Review by Cicely Binford
A little re-branding goes a long way. Riptide, the youth theatre company out of Mandurah Performing Arts Centre, has had a little revamp in the last year, with Artistic Director Kathryn Osborne bringing a bit of edginess to town. The company has performed an updated version of Shakespeare’s King Lear, which they’ve re-branded as Queen Leah.
A cast of 10 young performers faces off at either end of MPAC’s black box theatre, the Fishtrap. They’re seated in rows in front of suspended chains, while suspended over center stage is a giant crown covered in graffiti, designed by Sally Phipps. The performers are clad in black with gold accents, and the atmosphere is tense, stark, no-nonsense. A blackout signals the beginning, and after lights up, we are introduced to the show’s trusty narrator, Cordelia (Courtney Brown). She breaks everything down for us, but she also takes part in the action.

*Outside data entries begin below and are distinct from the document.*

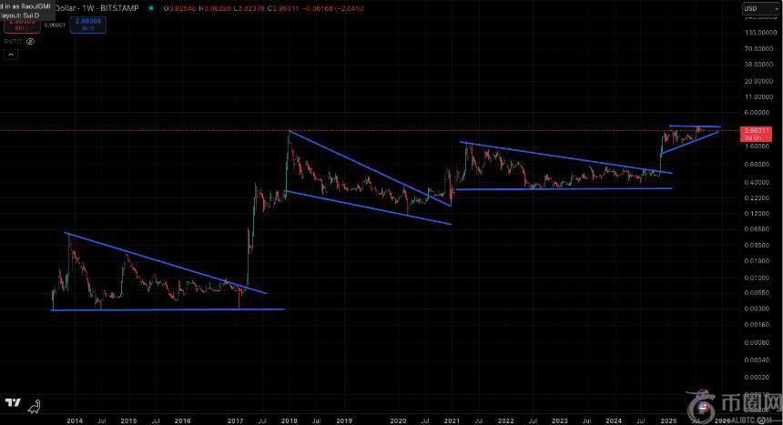 值得注意的是,从 2021 年开始,XRP 再次进入长期盘整,形成了广泛的下降三角形格局。直到 2024 年 11 月,XRP 才向上突破,并迅速重新估值,突破了 1 美元、2 美元和 3 美元的心理关口。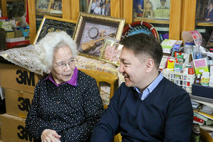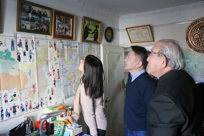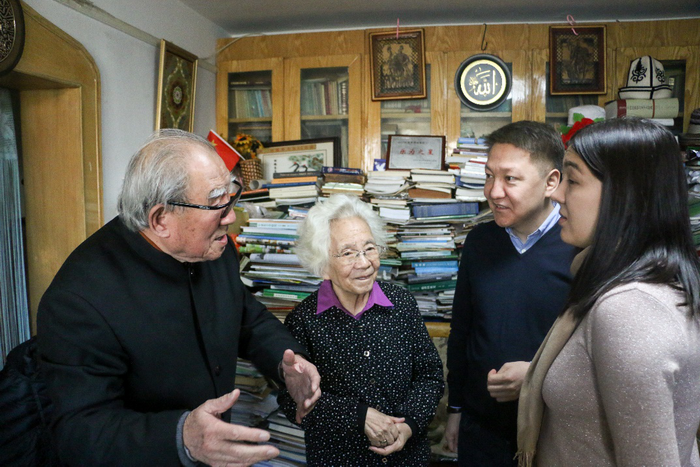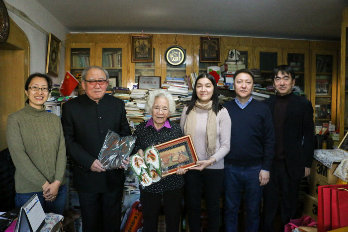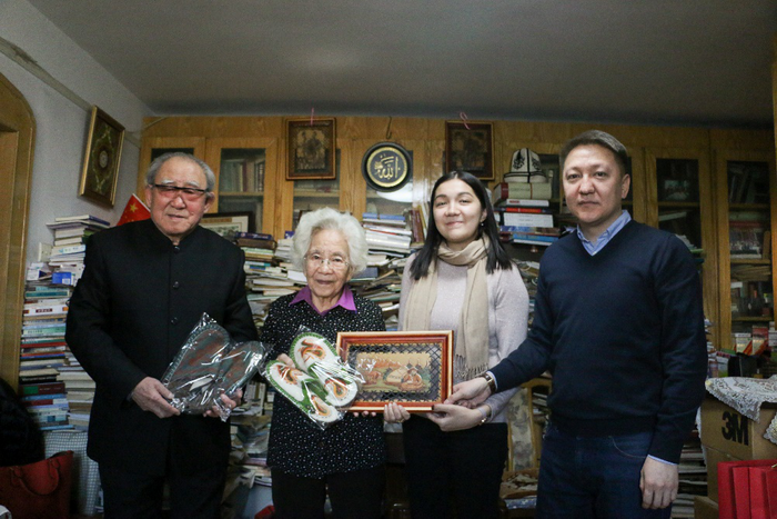 胡振华教授与阿扎玛特·乌谢诺夫妇亲切交谈,详细询问了他们的工作及生活情况。阿扎玛特·乌谢诺夫大使向胡振华先生及夫人赠送民族工艺品,亲切询问二老身体状况及生活情况。阿扎玛特·乌谢诺夫回忆起自己1998年在中国留学期间,受到胡振华教授夫妇,尤其是穆淑惠女士诸多帮助,结下了良好的情谊,他动容地说道:“来到老师家里,就跟回到我自己的家一样亲切”。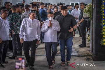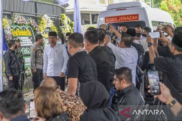 Presiden Joko Widodo tiba di rumah duka untuk melayat almarhum istri Kepala Staf Presiden Moeldoko, Koesni Harningsih di Jalan Terusan Lembang Nomor D54, Menteng, Jakarta, Minggu (12/3/2023). Koesni Harningsih meninggal dunia di usia 63 tahun setelah menjalani perawatan di ICCU RSPAD Kartika Gatot Subroto dan rencananya akan dimakamkan di Taman Makam Pahlawan Bahagia, Tangerang Selatan. ANTARA FOTO/Galih Pradipta/tom.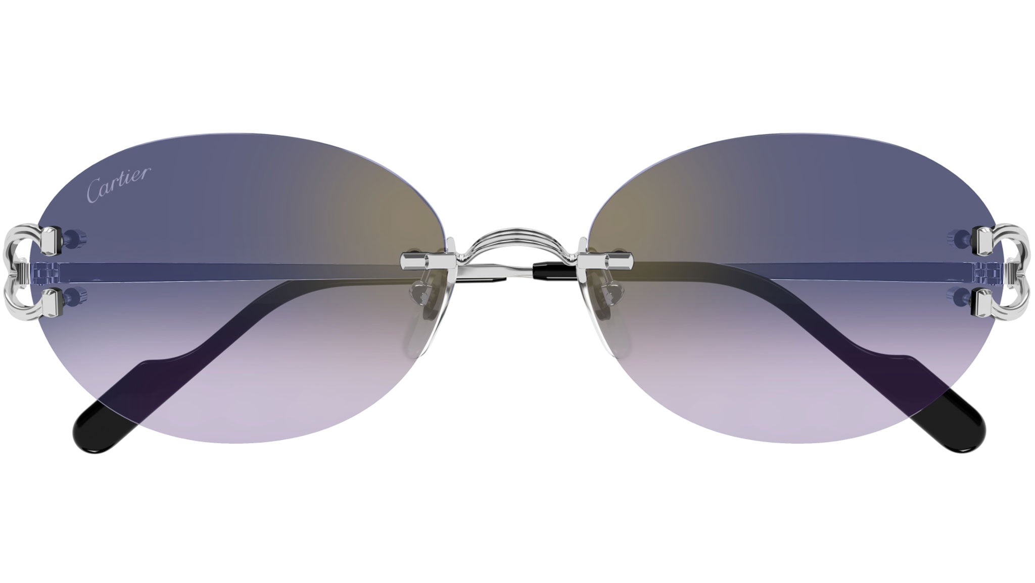 Occhiali da sole Cartier CT0551S 003 unisex con montatura ovale in metallo platino e lenti blu e rosa chiaro sfumato con un lampo dorato. Linea: Core Range. Codice modello: CT0551S. Codice colore: 003. Made in France. Rivenditore autorizzato Cartier online. Gli occhiali vengono consegnati con custodia e accessori originali e sono coperti dalla garanzia ufficiale di 12 mesi del produttore.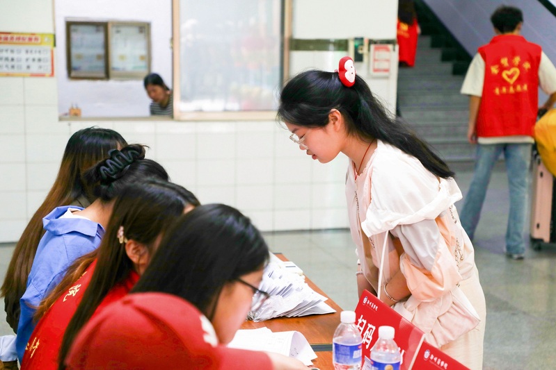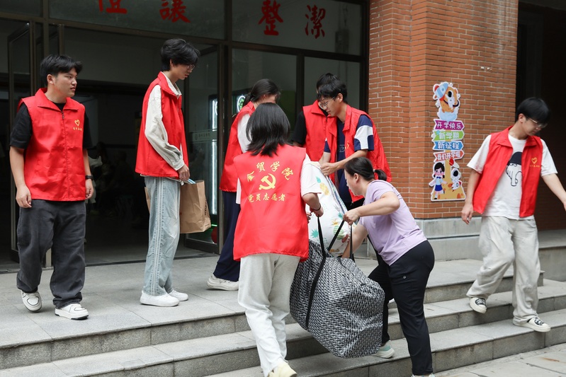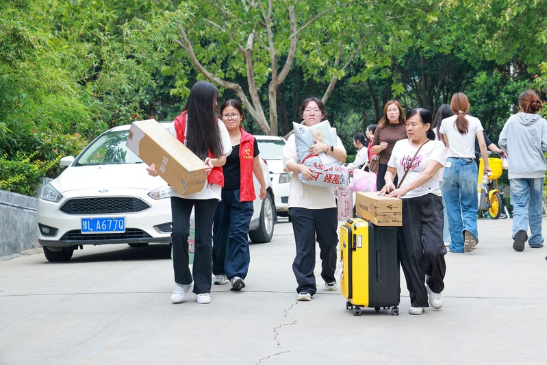 面对新生与家长的期待,各学院新生辅导员和助理辅导员全程在线,始终耐心、热情地解答着每一位学生与家长的问题。宿舍楼下,会计学院辅导员付高原始终忙碌着,从校园环境、设施建设,到专业课程设置与未来发展,他一一向家长介绍,用行动诠释着“让家长放心,让学生安心。”报到期间,阴雨连绵,学校始终牵挂着新生的出行安全,通过多种渠道发布天气预警和安全提示,并做好学生提前或延后报到的准备,管理学院辅导员谢佳音说:“学校暑期就提前组建了新生群,多次讲解入学报到注意事项及所需携带的材料,精准统计每位学生的预计到校时间,为后续高铁、火车接站服务做好了充分准备。报到期间所有迎新服务将风雨无阻地持续运行,确保每一位新生都能顺利安全到校。”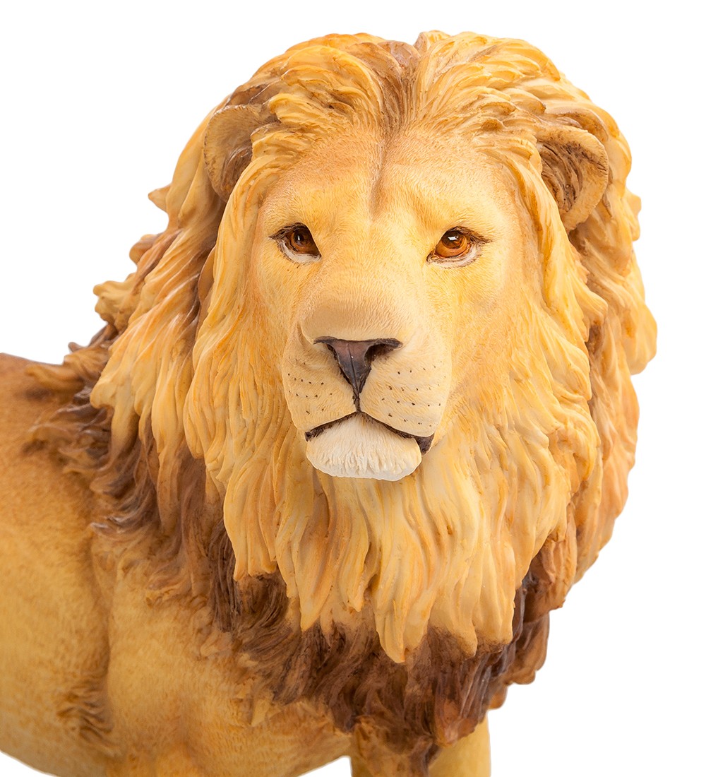 Статуэтка ''Благородный Лев'', высотой 25 см. "...Я с восхищеньем вижу льва: Спокойно вскинута и хмура Его большая голова. Хвостом он шевелит едва. Светлеет царственная шкура…" Лев – король зверей. Так его называли раньше, так он зовется и сегодня. Несмотря на то, что в природе существует много других животных, которые превосходят льва в силе и ловкости, благородство льва никто не отменяет. Этот зверь, благодаря своей гриве и устрашающему рыку, был и остается повелителей всей дикой природы. Статуэтка льва из качественного полистоуна изображает дикое животное, которое, кажется, смотрит в самую душу, понимает каждую вашу эмоцию и чувство. Купить фигурку льва в свой дом – означает приобрести кусочек дикой природы, которая всегда будет поднимать вам настроение и радовать своим великолепием.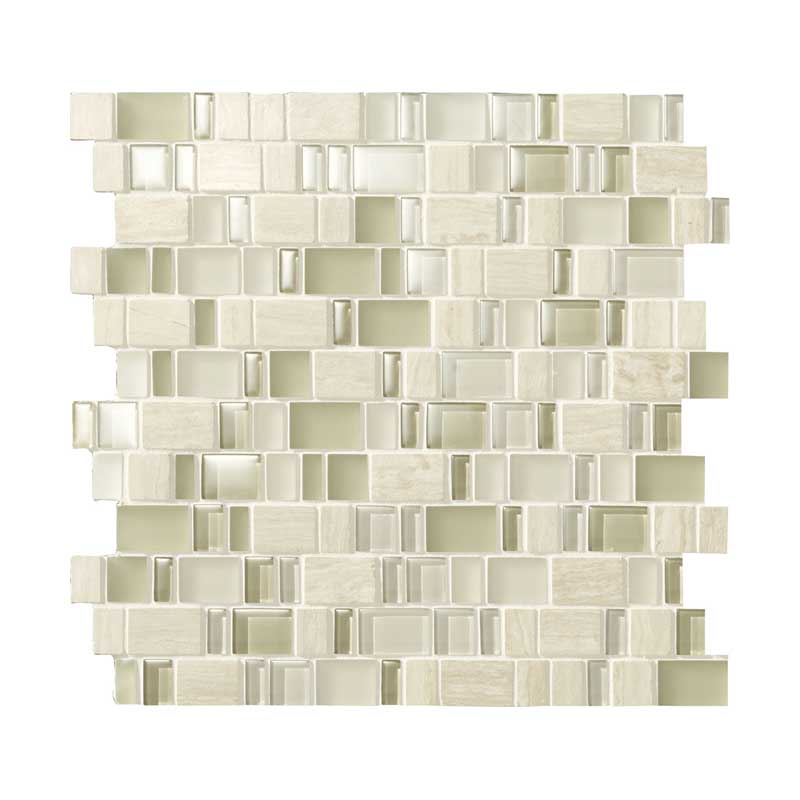 大理石と、さまざまな色と質感のガラスをちりばめたモザイクタイルです。

She has two sisters, Goneril (Zoe Sutton) and Regan (Sophie Herbert) who are competing to get the biggest piece of the pie, Queen Leah’s queendom. Problem is, Queen Leah is having a little trouble connecting with reality, and in Riptide’s version, she’s been split in three. She’s played by 3 actors (led by Ruby Liddelow) who periodically speak in chorus and often behave erratically, doing things like balancing glass goblets on their upper lip.
Edmund the Illegitimate (Tristen Pateman) is out to get his brother Edgar (Brent Shields), and turns their father against him. Manipulations, mutilations and murders ensue in this very abridged version of Shakespeare’s text. Osborne even goes as far as to update much of the language, though there is a considerable bit of the original script that stays intact. Osborne makes strong directorial decisions throughout the piece, which no doubt has given the cast plenty of opportunity to get a feel for the ways in which the ‘rules’ of theatre can be broken and played with. She comes up with unique and fun ways to solve problems, such as using silly string as a stand-in for various kinds of physical violence. Sounds silly, but it actually works outstandingly well.
Queen Leah is a very abridged and youthful version of the original, fostering both a reverence for and a rejection of Shakespeare’s authority. That the genders were swapped, and that all the characters were played by young people who weren’t wearing grey wigs or old-age makeup, presented no difficulties at all in this iteration of King Lear, in that the resulting show was a keen experiment for both the director and performers. Though the language can be challenging, the cast handled it well, and found a whole lot of humour in this traditionally tragic story. Bolstered by some very fine design work by Joe Lui on jarring, tense lighting paired with fantastic industrial-inspired sound design by Brett Smith, Queen Leah is a short, sharp rework by Riptide, and hopefully a signal of more good things to come.